_Collected data:_
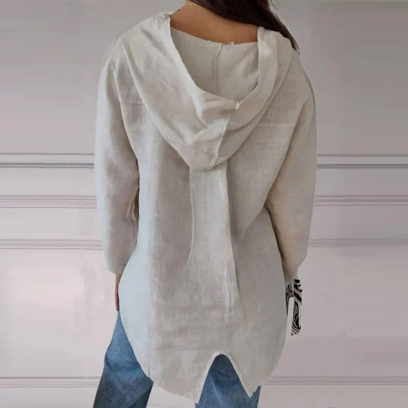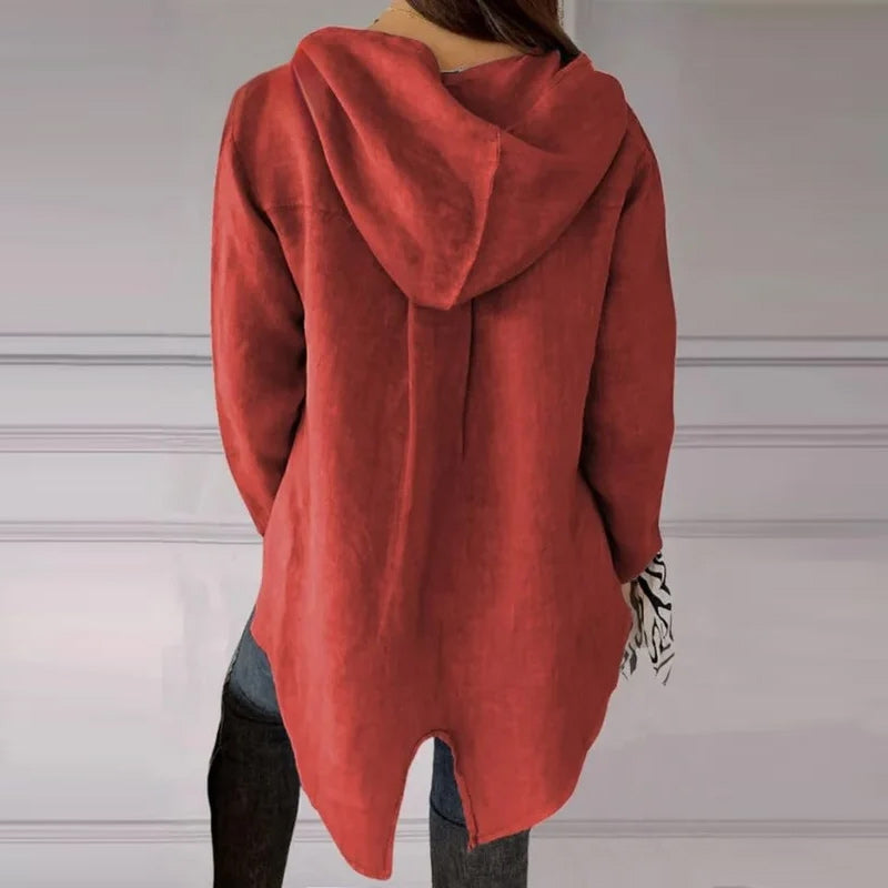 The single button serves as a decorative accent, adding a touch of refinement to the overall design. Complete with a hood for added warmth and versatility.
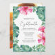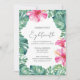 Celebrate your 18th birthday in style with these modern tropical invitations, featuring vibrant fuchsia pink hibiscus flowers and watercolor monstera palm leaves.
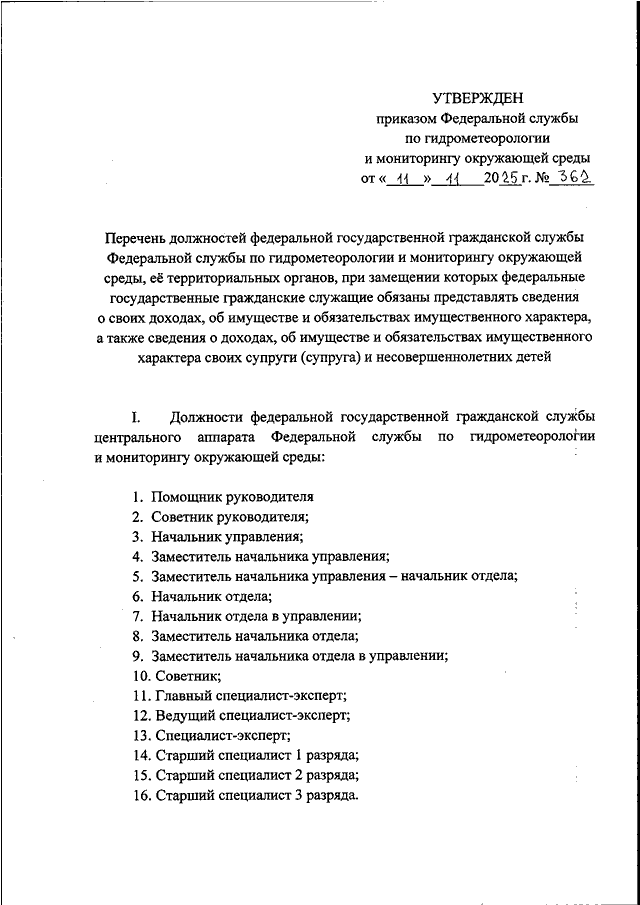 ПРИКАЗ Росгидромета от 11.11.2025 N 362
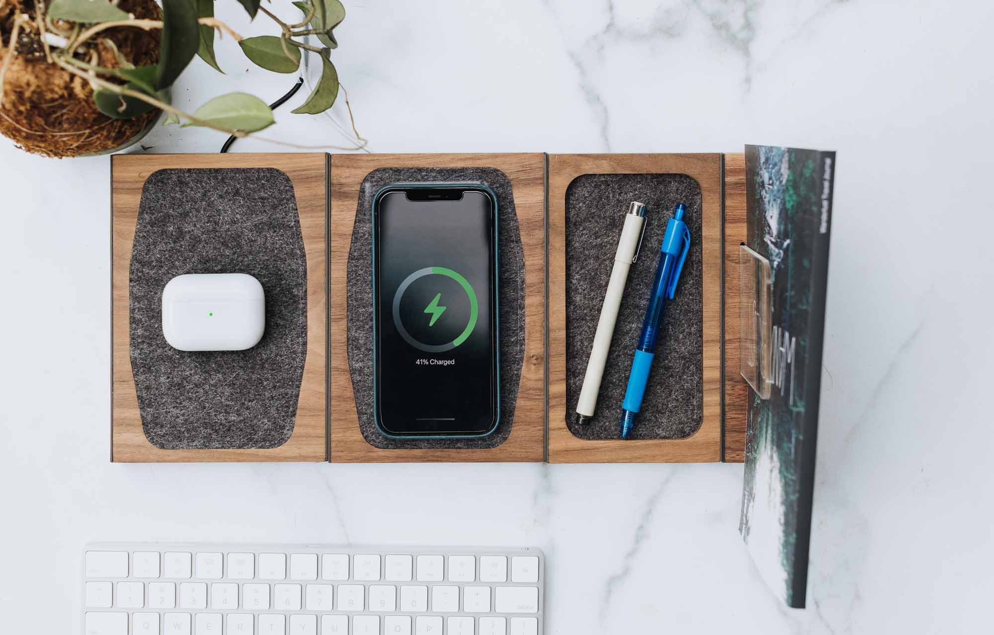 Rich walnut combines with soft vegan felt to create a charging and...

_Problem:_ Would you please output only the lines from the start of the material above up to and including the line with "ПРИКАЗ Росгидромета от 11.11.2025 N 362", exactly as they appear and without pictures?

_Response:_
 The single button serves as a decorative accent, adding a touch of refinement to the overall design. Complete with a hood for added warmth and versatility.
 Celebrate your 18th birthday in style with these modern tropical invitations, featuring vibrant fuchsia pink hibiscus flowers and watercolor monstera palm leaves.
 ПРИКАЗ Росгидромета от 11.11.2025 N 362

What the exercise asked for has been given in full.